:: PROBLEM TO WORK ON ::
Reproduce each entry exactly as it reads. Leave the images out.

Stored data
▼
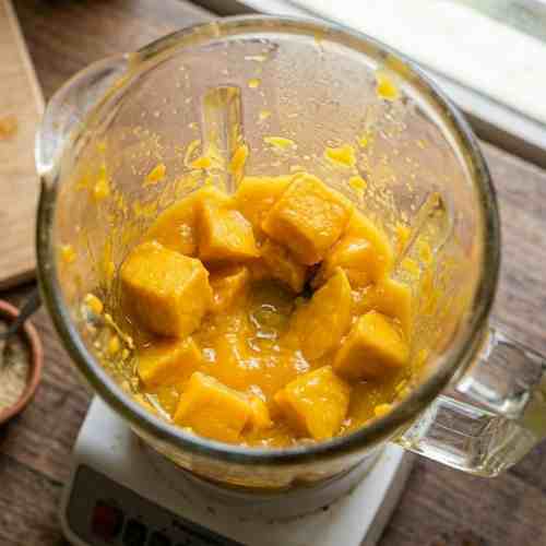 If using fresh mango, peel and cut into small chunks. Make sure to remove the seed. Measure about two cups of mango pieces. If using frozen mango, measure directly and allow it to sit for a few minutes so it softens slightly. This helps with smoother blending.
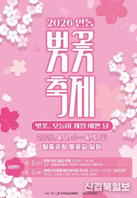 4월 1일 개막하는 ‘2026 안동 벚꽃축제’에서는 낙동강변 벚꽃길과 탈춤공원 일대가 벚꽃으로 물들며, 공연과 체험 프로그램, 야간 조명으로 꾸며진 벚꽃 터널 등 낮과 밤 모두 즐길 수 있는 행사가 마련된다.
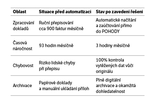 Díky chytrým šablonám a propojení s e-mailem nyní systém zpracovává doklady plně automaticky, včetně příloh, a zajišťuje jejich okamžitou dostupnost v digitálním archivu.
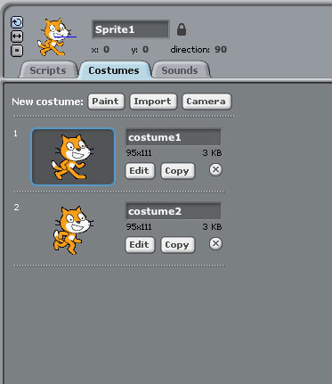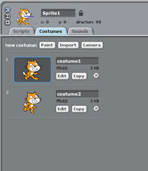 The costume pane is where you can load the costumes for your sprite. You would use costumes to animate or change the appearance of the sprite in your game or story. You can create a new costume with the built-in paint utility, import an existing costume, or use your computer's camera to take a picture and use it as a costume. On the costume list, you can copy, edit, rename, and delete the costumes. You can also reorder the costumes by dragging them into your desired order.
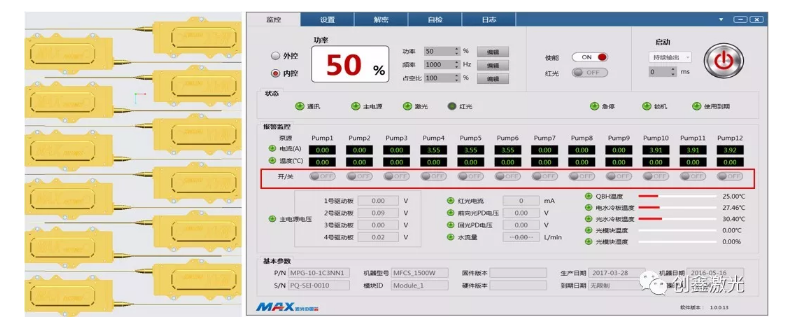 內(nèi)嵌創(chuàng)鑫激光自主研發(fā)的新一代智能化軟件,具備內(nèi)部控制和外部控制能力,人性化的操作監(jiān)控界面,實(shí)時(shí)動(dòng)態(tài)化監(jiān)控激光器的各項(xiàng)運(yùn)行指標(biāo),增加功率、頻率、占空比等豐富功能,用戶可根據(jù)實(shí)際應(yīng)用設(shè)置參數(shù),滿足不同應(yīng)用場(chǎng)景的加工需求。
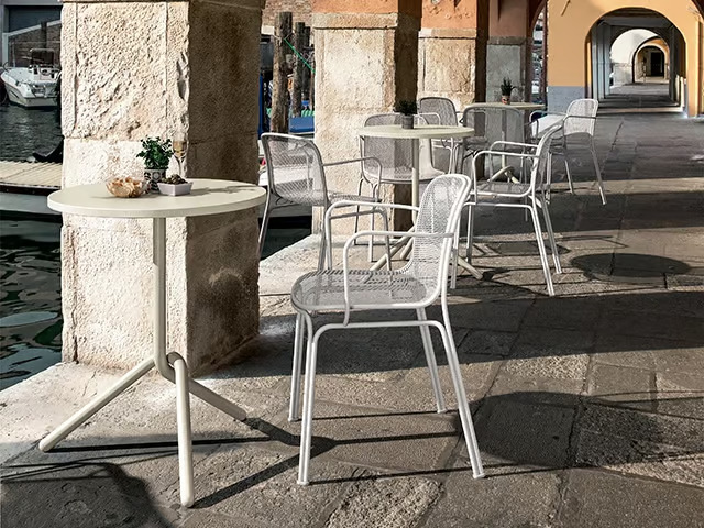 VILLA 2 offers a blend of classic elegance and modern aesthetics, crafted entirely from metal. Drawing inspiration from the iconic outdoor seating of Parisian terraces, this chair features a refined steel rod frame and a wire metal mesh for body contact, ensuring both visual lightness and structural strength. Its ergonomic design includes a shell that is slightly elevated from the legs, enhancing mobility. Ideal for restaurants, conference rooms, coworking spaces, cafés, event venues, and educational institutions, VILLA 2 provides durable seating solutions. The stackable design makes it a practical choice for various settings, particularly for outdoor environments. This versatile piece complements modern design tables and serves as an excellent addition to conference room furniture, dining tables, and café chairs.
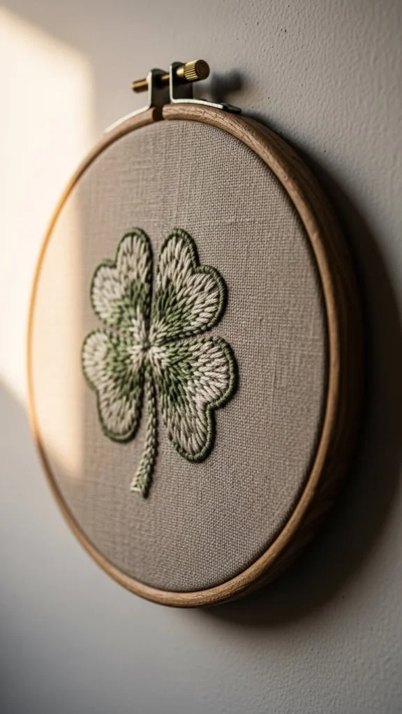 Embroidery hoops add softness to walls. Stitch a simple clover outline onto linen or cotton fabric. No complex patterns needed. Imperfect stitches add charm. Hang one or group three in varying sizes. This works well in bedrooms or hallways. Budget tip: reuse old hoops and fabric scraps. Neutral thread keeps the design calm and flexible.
▲
:: RESPONSE ::
 If using fresh mango, peel and cut into small chunks. Make sure to remove the seed. Measure about two cups of mango pieces. If using frozen mango, measure directly and allow it to sit for a few minutes so it softens slightly. This helps with smoother blending.
 4월 1일 개막하는 ‘2026 안동 벚꽃축제’에서는 낙동강변 벚꽃길과 탈춤공원 일대가 벚꽃으로 물들며, 공연과 체험 프로그램, 야간 조명으로 꾸며진 벚꽃 터널 등 낮과 밤 모두 즐길 수 있는 행사가 마련된다.
 Díky chytrým šablonám a propojení s e-mailem nyní systém zpracovává doklady plně automaticky, včetně příloh, a zajišťuje jejich okamžitou dostupnost v digitálním archivu.
 The costume pane is where you can load the costumes for your sprite. You would use costumes to animate or change the appearance of the sprite in your game or story. You can create a new costume with the built-in paint utility, import an existing costume, or use your computer's camera to take a picture and use it as a costume. On the costume list, you can copy, edit, rename, and delete the costumes. You can also reorder the costumes by dragging them into your desired order.
 內(nèi)嵌創(chuàng)鑫激光自主研發(fā)的新一代智能化軟件,具備內(nèi)部控制和外部控制能力,人性化的操作監(jiān)控界面,實(shí)時(shí)動(dòng)態(tài)化監(jiān)控激光器的各項(xiàng)運(yùn)行指標(biāo),增加功率、頻率、占空比等豐富功能,用戶可根據(jù)實(shí)際應(yīng)用設(shè)置參數(shù),滿足不同應(yīng)用場(chǎng)景的加工需求。
 VILLA 2 offers a blend of classic elegance and modern aesthetics, crafted entirely from metal. Drawing inspiration from the iconic outdoor seating of Parisian terraces, this chair features a refined steel rod frame and a wire metal mesh for body contact, ensuring both visual lightness and structural strength. Its ergonomic design includes a shell that is slightly elevated from the legs, enhancing mobility. Ideal for restaurants, conference rooms, coworking spaces, cafés, event venues, and educational institutions, VILLA 2 provides durable seating solutions. The stackable design makes it a practical choice for various settings, particularly for outdoor environments. This versatile piece complements modern design tables and serves as an excellent addition to conference room furniture, dining tables, and café chairs.
 Embroidery hoops add softness to walls. Stitch a simple clover outline onto linen or cotton fabric. No complex patterns needed. Imperfect stitches add charm. Hang one or group three in varying sizes. This works well in bedrooms or hallways. Budget tip: reuse old hoops and fabric scraps. Neutral thread keeps the design calm and flexible.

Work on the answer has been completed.